Mercury Pollution From Cement Kilns

More than seven years after a federal court ordered the U.S. Environmental Protection Agency (EPA) to regulate toxic mercury pollution from cement kilns, no action has been taken to curb these dangerous and rapidly growing emissions from over 150 plants located across the nation. A major new study to be released on July 23, 2008 by Earthjustice and the Environmental Integrity Project (EIP) will document the severely underestimated problem of mercury emissions from cement kilns and the EPA’s failure to control them.

Cement kilns produce cement, the main ingredient in concrete. The unregulated kilns are found in many major U.S. urban areas, including cement plants in AL, CA, IA, IL, MD, MI, MT, NY, OR, SC, and WA state (which are highlighted in the report).

Mercury pollution has impaired rivers, lakes, streams and even oceans, making certain fish unsafe to eat.

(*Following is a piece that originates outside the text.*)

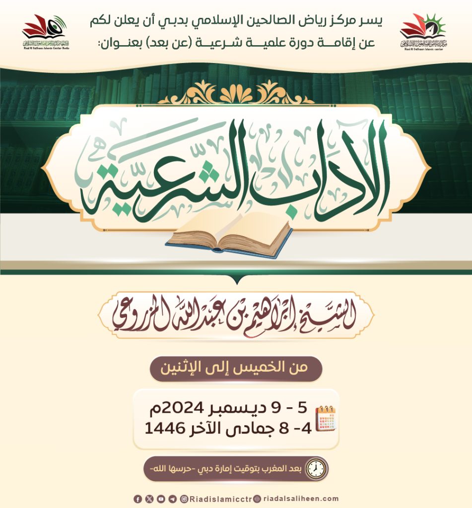 يسر مركز رياض الصالحين الإسلامي بدبي أن يعلن لكم عن إقامة دورة علمية شرعية (عن بعد) بعنوان:

The Earthjustice/EIP study will show that the toxic mercury emissions from cement kilns far exceed EPA estimates. It also will raise major questions regarding the adequacy of cement companies’ mercury reporting. The report from the two groups outlines the steps that federal and state officials should take now to deal with this major public health threat.

Mercury is a dangerous neurotoxin, interfering with the brain and nervous system. According to the report, kilns are considered the top unregulated source of dangerous a pollutant that acts as a neurotoxin.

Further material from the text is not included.